=== Records to use ===

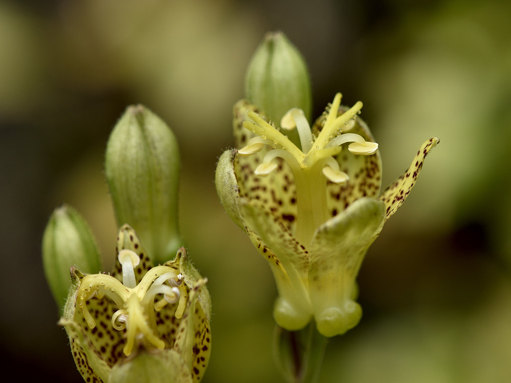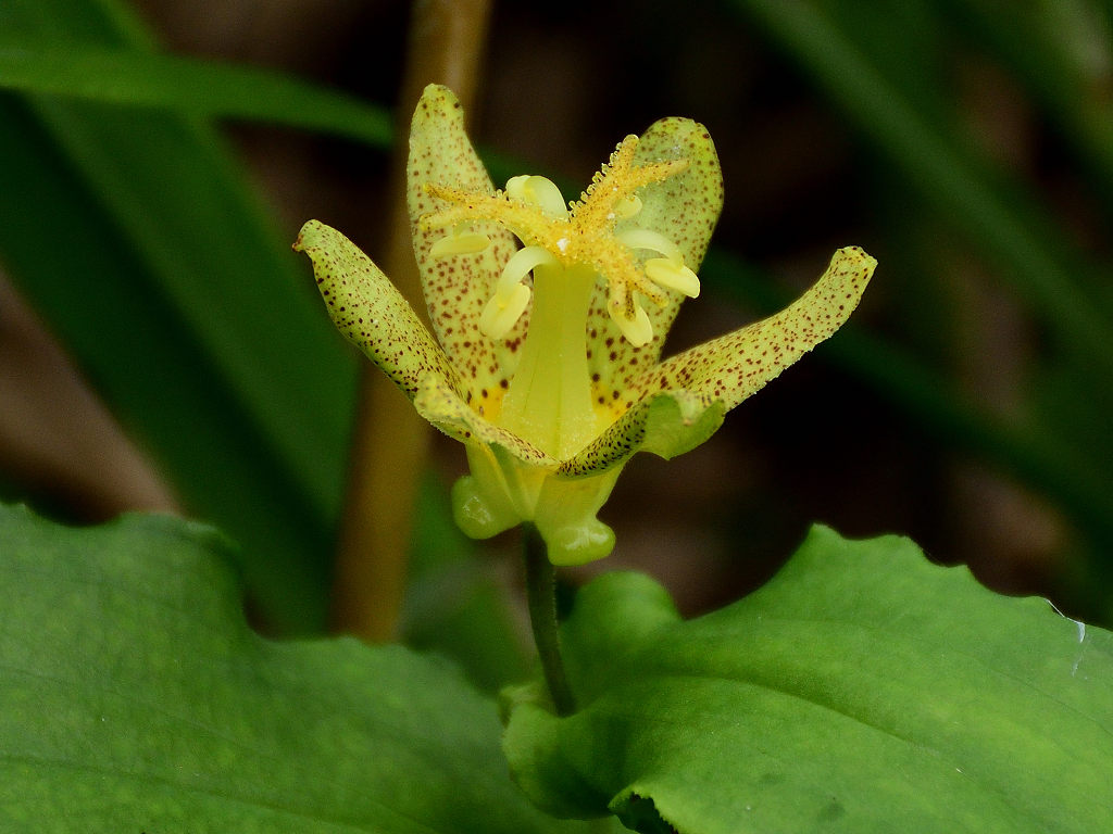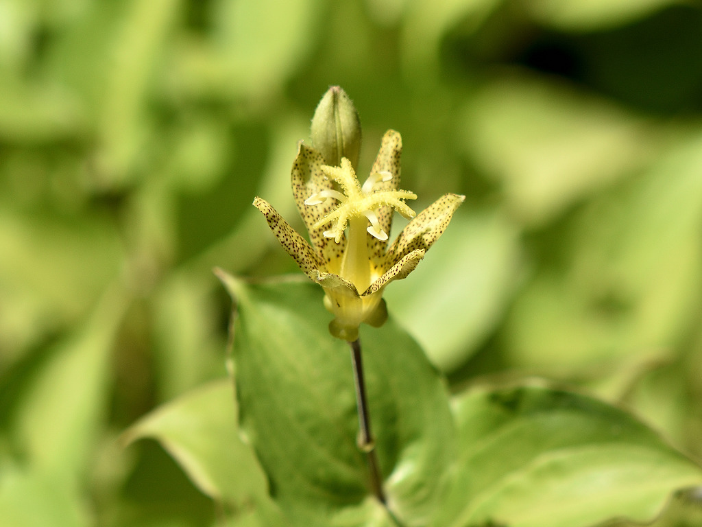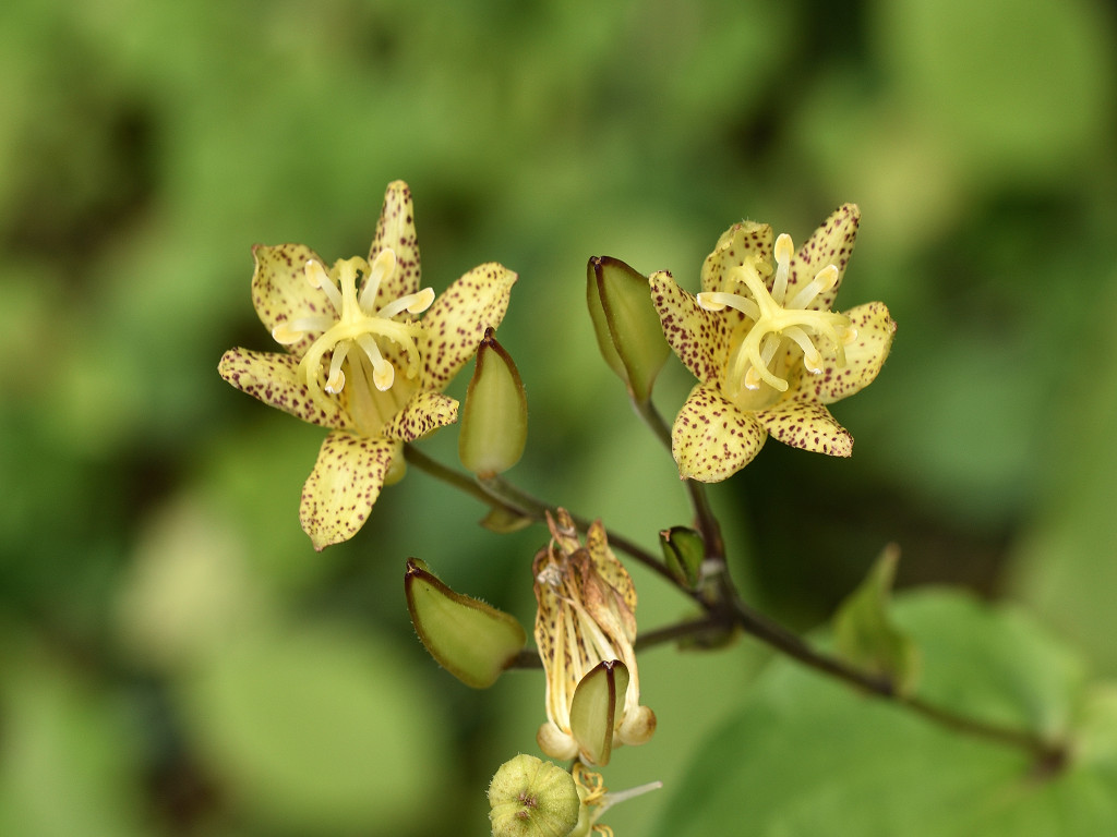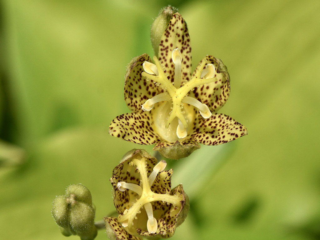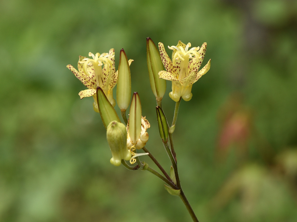 ホトトギスは秋に咲くが本種は夏に咲く 花糸や葯にに斑点がない
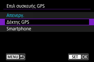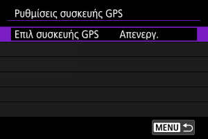 - Για λεπτομέρειες σχετικά με το στοιχείο [Διαμόρφ.], ανατρέξτε στο Εγχειρίδιο οδηγιών του GP-E2.
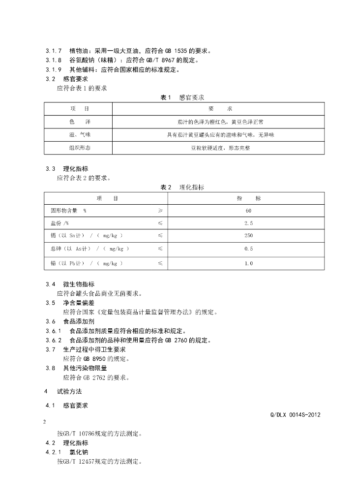 Q/DLX 0014S-2012 茄汁黄豆罐头
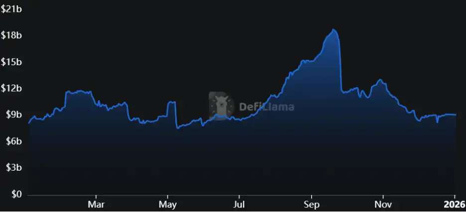 2025 was the year the yield sector leaped from a niche market to DeFi infrastructure. Its TVL rose from $8.1 billion to $9.1 billion, a year-on-year increase of 12.5%, with a yearly high of around $18.8 billion.
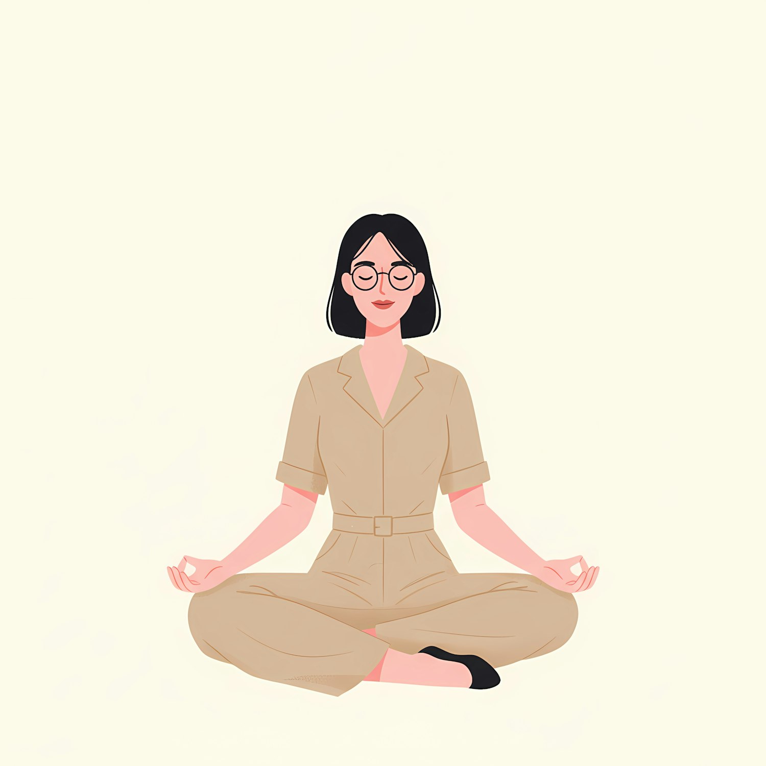 Illustration of a person meditating in a beige outfit, sitting cross-legged with a serene expression, on a light background.

===

#### [About this exercise]
Only the pictures are to be left out; repeat all other material exactly.

#### [Output]
 ホトトギスは秋に咲くが本種は夏に咲く 花糸や葯にに斑点がない
 - Για λεπτομέρειες σχετικά με το στοιχείο [Διαμόρφ.], ανατρέξτε στο Εγχειρίδιο οδηγιών του GP-E2.
 Q/DLX 0014S-2012 茄汁黄豆罐头
 2025 was the year the yield sector leaped from a niche market to DeFi infrastructure. Its TVL rose from $8.1 billion to $9.1 billion, a year-on-year increase of 12.5%, with a yearly high of around $18.8 billion.
 Illustration of a person meditating in a beige outfit, sitting cross-legged with a serene expression, on a light background.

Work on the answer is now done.